For example, Mattys et al. (1999) familiarized 9-month-old English-learning infants with a stream of syllables containing lexical stress and phonotactic cues pitted against each other. The syllable stream consisted of CVC-CVC disyllabic non-words that were stressed either on the first or on the second syllable. Crucially, the adjacent consonants at syllable boundaries had either a low probability of occurring at word boundaries and a high probability of occurring inside of words in English speech or vice versa. The results show that infants listened significantly longer to disyllabic nonce words with a trochaic (strong-weak) pattern that violated phonotactic cohesion compared to iambic (weak-strong) nonce words that adhered to phonotactic cohesion. Similar findings were also obtained by Johnson and Jusczyk (2001), who familiarized 8-month-old English-learning infants with a syllable string that contained conflicting cues to word boundaries, namely lexical stress and TPs. After familiarization, infants were tested with words based on prosodic cues and words based on TPs. They found that English-learning 8-month-olds’ segmented the familiarization stream with prosodic rather than statistical cues.

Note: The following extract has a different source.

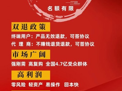 诚招各区县代理商,投资灵活,回报周期快,可试销,可签滞销退货协议,无风险合作,利润丰厚,市场刚需,潜力巨大,多年不遇的好商机,有想创业或搞副业的老板看过来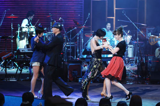 김정은(32)이 MC로 나선 SBS 뮤직 토크쇼 ‘김정은의 초콜릿(연출 성영준 변진선)’ 촬영 중 깜찍한 댄스를 선보여 시선을 끌었다. 김정은의 댄스 장면은 깜짝 게스트로 출연한 DJ KOO 구준엽과 댄스스포츠 박지은 선수가 초대가수 거미의 ‘Don’t know why’에 맞춰 룸바를 멋지게 춘 게 발단이 됐다. 이들의 멋진 춤솜씨에 반한 김정은이 자신도 춤을 배워보고 싶다고 즉석에서 청한 것. 박지은 선수는 얼마 전 ‘무한도전’에 출연해 멤버들에게 댄스스포츠를 가르쳐서 유명해진 인물. 그러나 방송 인연은 구준엽과 먼저 맺었다. 지난 2006년 2월에 방영된 설날특집 프로그램 ‘셀 위 댄스(Shall we dance)’에서 통해 구준엽과 살사를 선보여 눈길을 모았던 바 있다. 박지은은 당시 연출이자 현재 ‘김정은의 초콜릿’의 연출자인 성영준 PD의 제안으로 이번 방송에 출연하게 됐다. 구준엽과 박지은의 멋진 룸바 후에 이뤄진 토크에서 김정은은 “춤을 배워보는 시간을 가지겠다”며 춤을 가르쳐 달라고 부탁했다. 이에 박지은은 룸바와 차차차에 대해 간단히 소개하고, “투 쓰리 차차차”로 박자를 넣어서 김정은과 구준엽 그리고 거미 등의 깜찍한 댄스를 유도했다. 한편, 이어진 토크에서 구준엽이 “우리 어머니와 이서진 씨 어머니가 중학교 동창이시라 매일 통화하신다. 정은 씨 이야기도 하시더라”고 말해 김정은을 미소 짓게 만들기도 했다. 박지은 구준엽의 멋진 스포츠댄스와 김정은의 깜찍한 댄스는 18일 밤 12시 35분 방영된다. ricky337@osen.co.kr

These findings suggest that, shortly before their first birthday, English-learning infants rely more on prosodic than on distributional cues to segment continuous speech into possible word candidates.
This preference for prosodic cues over statistical cues when segmenting speech is subject to developmental constraints. Using a similar experimental design as Johnson and Jusczyk (2001), Thiessen and Saffran (2003) showed that, while English-learning 7-month-olds relied more strongly on statistical cues in their segmentation performance, 9-month-olds were more strongly guided by prosodic cues. Based on these findings, the authors argue for an initial dominance of statistical cues over prosodic cues. They explain this change in cue relevance by a crucial difference in the status of the cues. As opposed to the dominant lexical stress pattern in spoken languages, which are language specific, computing TPs in the speech input needs no specific language knowledge and therefore may serve as an initial gateway to speech segmentation. This developmental shift was subsequently also supported by findings showing that 5-month-old English infants rely more on statistical cues (Thiessen & Erickson, 2013) and that 11-month-olds rely more strongly on prosodic cues (Johnson & Seidl, 2009).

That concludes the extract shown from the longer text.